(Mi parche es más bonito que el tuyo, chincha rabiña…)
El escritor Michel de Montaigne se hacía sangrar el dedo cada día para irse mentalizando sobre su propia muerte. En el Espai 13, las C-72R leen cotidianamente informes forenses relativos a las heridas que han sido operadas en unos abrigos colgados allí mismo. A continuación, cosen parches en estas heridas y los abrigos, de harapos, se vuelven espantajos. ¿Cómo creer en la inmortalidad de un abrigo, o en la eternidad de una vida? El abrigo más grueso es tan frágil como el cuerpo humano, y ya sabéis que, a partir de los cuarenta años, todo el mundo tiene la cara que merece. Parches, cicatrices, zurcidos, gafas o arrugas, ¡bienvenidos sean! Para que nazcan nuevas hojas, antes tienen que pudrirse las viejas…

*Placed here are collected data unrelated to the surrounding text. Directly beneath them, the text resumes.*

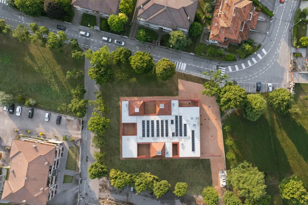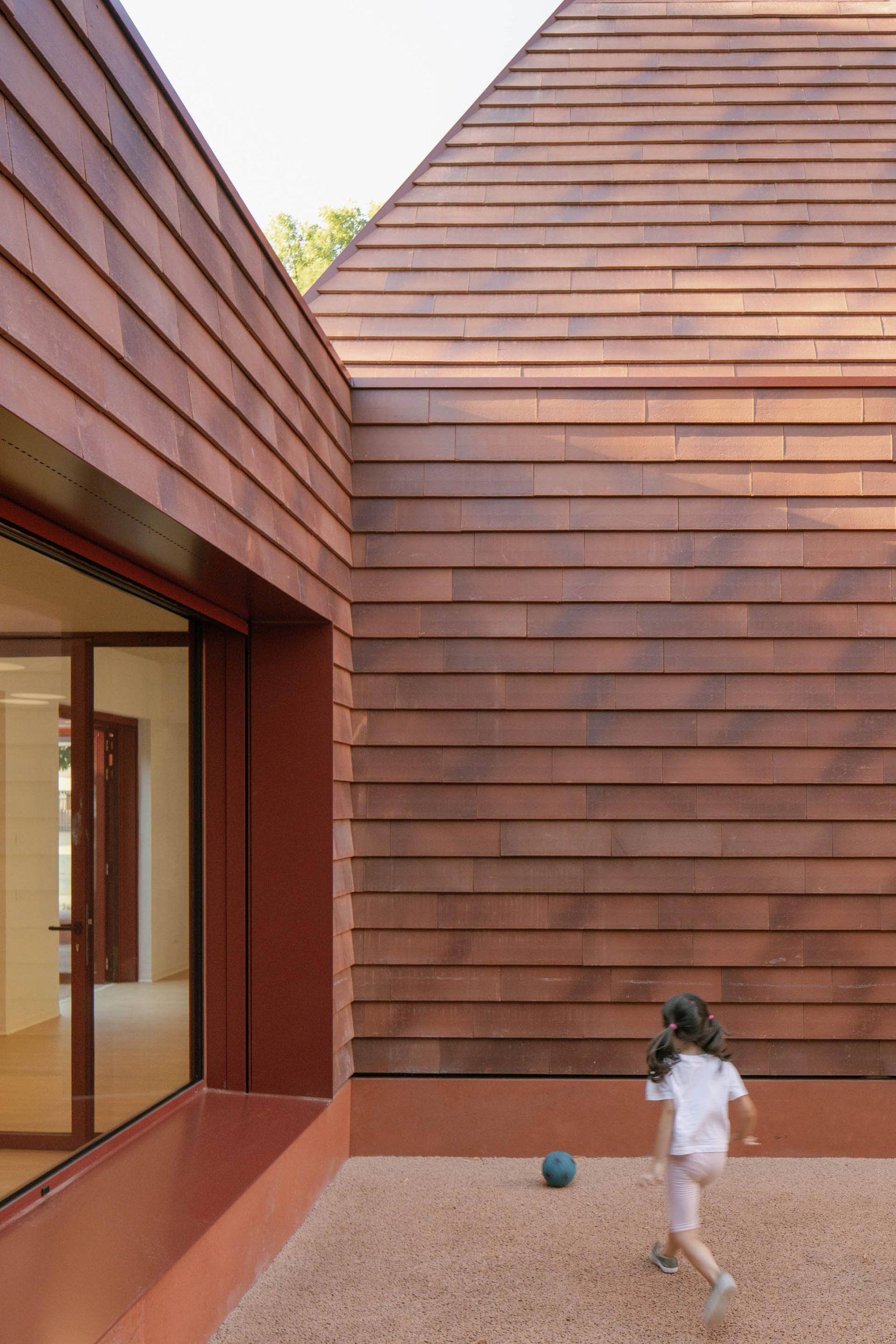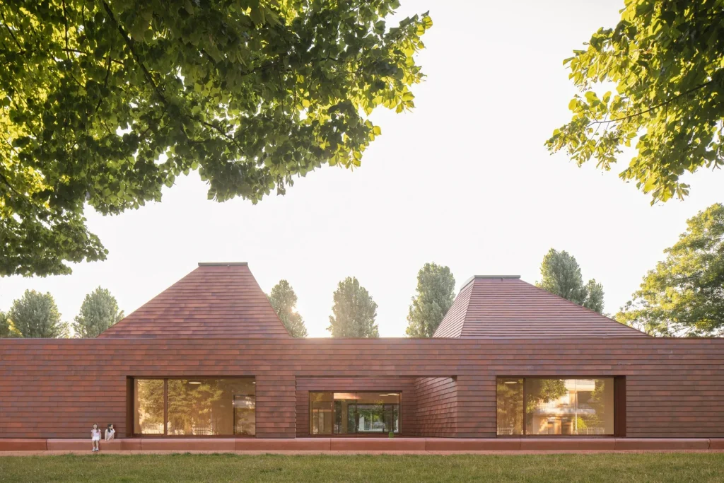 Rodolfo Morandi: Terracotta was chosen as a material deeply connected to local building traditions, particularly the use of shingle roofs. Our intention was not to replicate tradition, but to reinterpret it through a contemporary lens. The terracotta envelope gives the building a vibrant, tactile surface rather than a flat facade, one that responds to light and changing weather conditions.
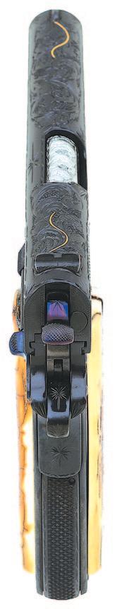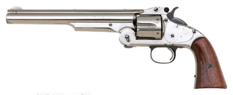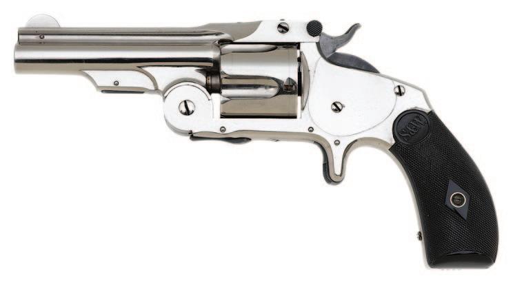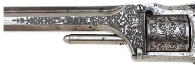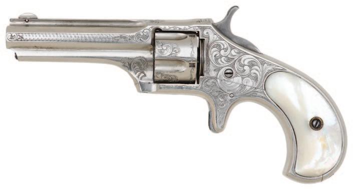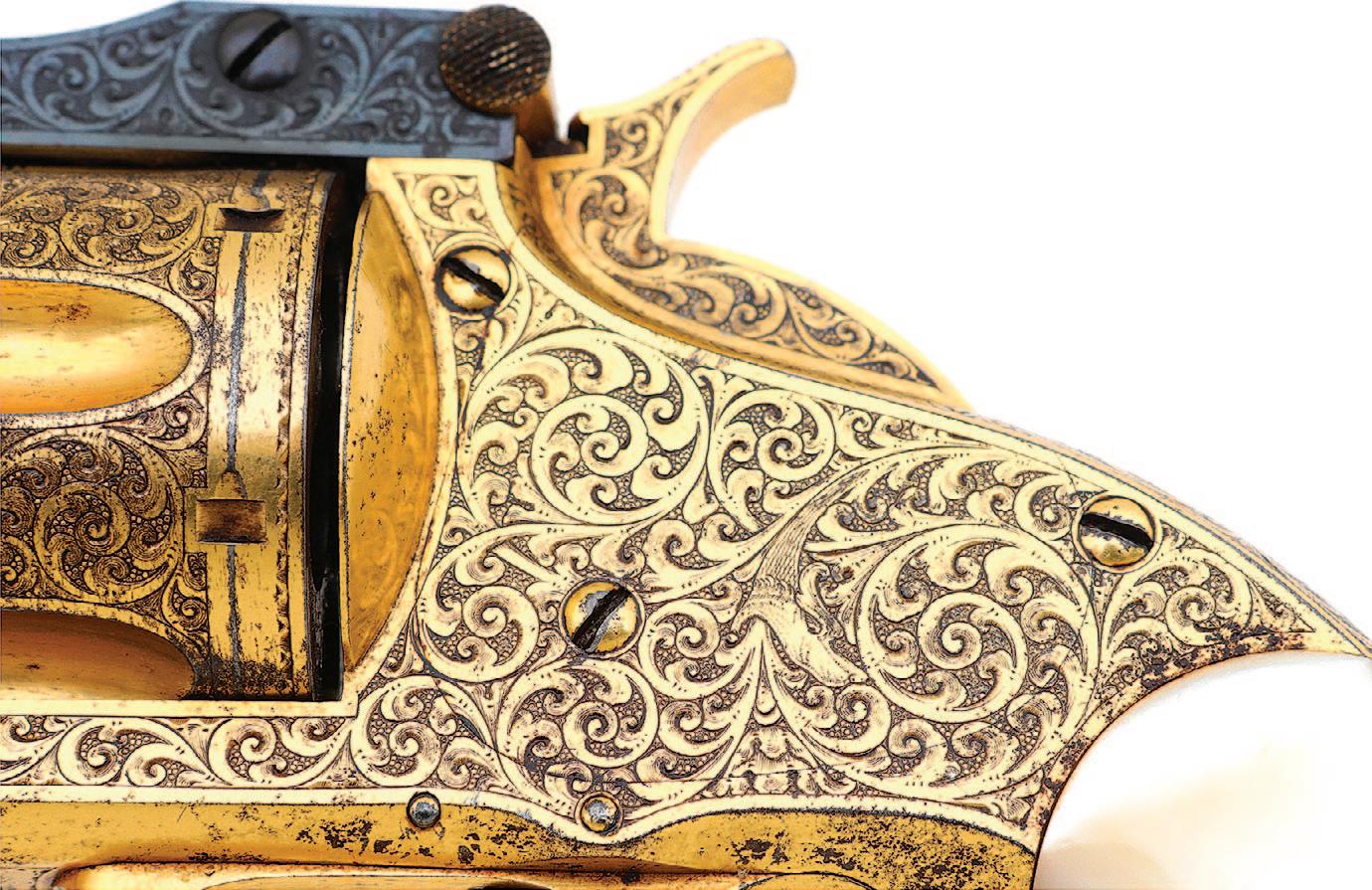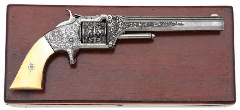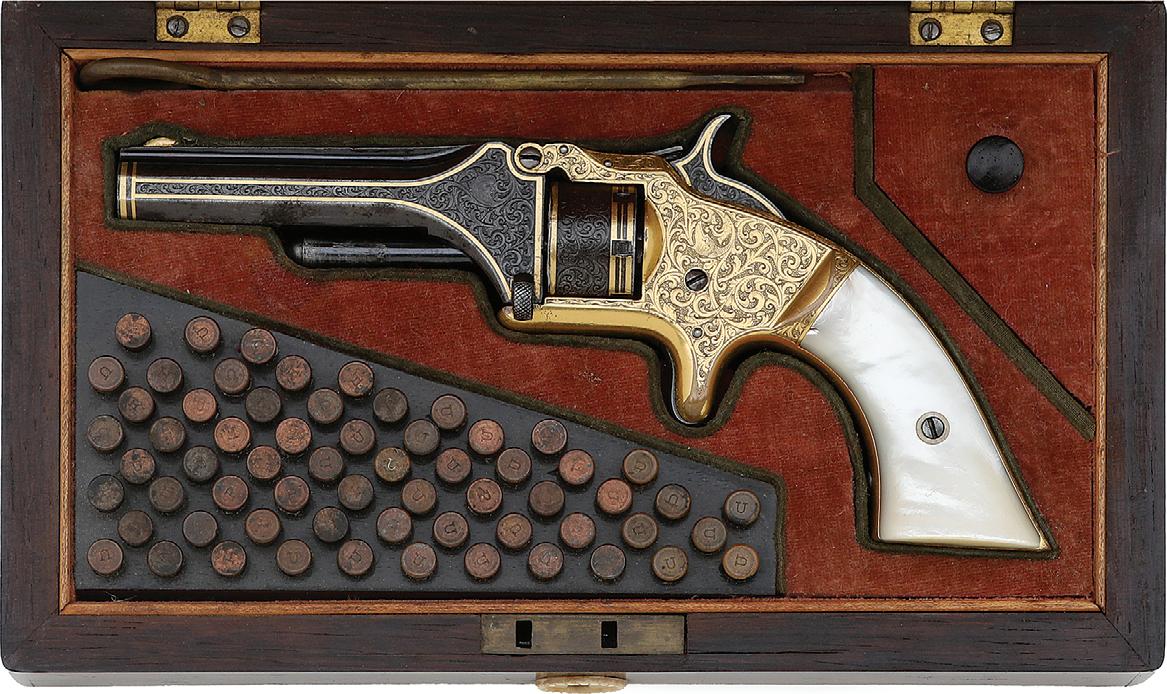 STUNNING EXHIBITION QUALITY SMITH & WESSON NO. 1 THIRD ISSUE REVOLVER, ENGRAVED AND GOLD INLAID BY GUSTAVE YOUNG, MADE FOR PRESENTATION TO CHRISTINA NILSSON AND DELIVERED TO D.B. WESSON IN 1870. D.B. WESSON GIFTED THIS REVOLVER TO NILSSON, A FAMOUS SWEDISH OPERA SINGER WHO FIRST TOURED THE UNITED STATES IN 1870.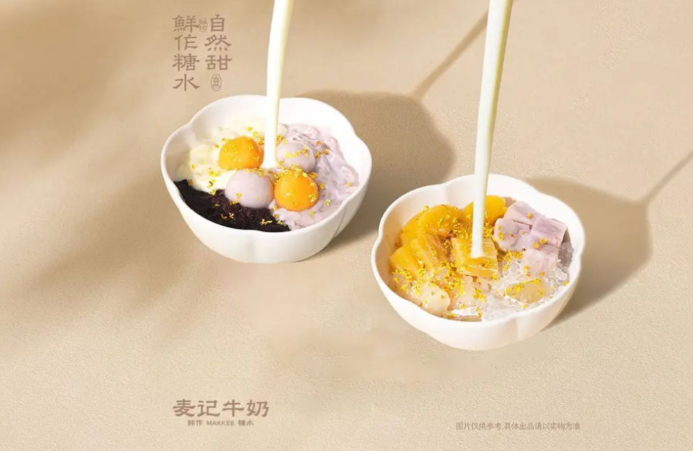 新品牌则走得更远。麦记的产品结构以糖水为主,辅以鲜乳茶、柠檬茶、糯米酸奶等,模糊了糖水和茶饮的边界。消费者可以“边走边喝”,不必像传统糖水店那样必须坐下来慢慢吃。

Sin embargo, vivimos en una civilización que rechaza vislumbrar la muerte en la esquina, que «edificio» el «mañana» para que nos estemos quietos hoy. Garantizad vuestros valores patrimoniales; mejorad vuestra jubilación; ¡aseguraos contra lo que sea, la vida, la muerte, el ataque al corazón, las pulgas, el amor, el incendio o el robo! Cualquier tentativa es buena a la hora de detener el presente, de extirpar de la vida… la vida misma (¿qué sería la muerte sin la vida?). Quien domina el ciclo vital controla el ciclo social. Su poder económico se convierte en legítimo por haber obtenido una victoria moral, la de haber evacuado ―o, en cualquier caso, legalizado, jerarquizado, evaluado en dinero contante― la contradicción esencial del ser humano, es decir, su finitud. El hombre medieval compraba indulgencias. El hombre contemporáneo firma pólizas.
¿Es el artista el emisario de la muerte? «El cine es la muerte que trabaja», decía Jean Cocteau. La virulencia de «Te has dejado las llaves en la cerradura» procede en una línea divisoria trazada entre la aspiración colectiva a la tranquilidad y la carga de intranquilidad que las artistas tan insidiosamente provocan. Esta tensión es acentuada por un cúmulo de dicotomías que la neutralidad de la instalación enseguida encrudece; la interactividad informática frente a los zurcidos en los abrigos; la violencia de las intervenciones a horas fijas de las artistas en el Espai 13 en contraste con la nada el resto del tiempo; el estupor del espectador que pensaba poder decidir solo el futuro de la compañía Eurorisc, y que asiste impotente al parcheado de los abrigos; o, incluso, el hecho, desconcertante para él, de encontrarse en medio del museo un universo laboral dotado de una actividad tan frenética como incomprensible…
«¡Menuda forma de agobiar al próximo!», sale diciendo el pobre visitante. Y se pone a gritar: «¿Hay alguien que me asegure contra los artistas?».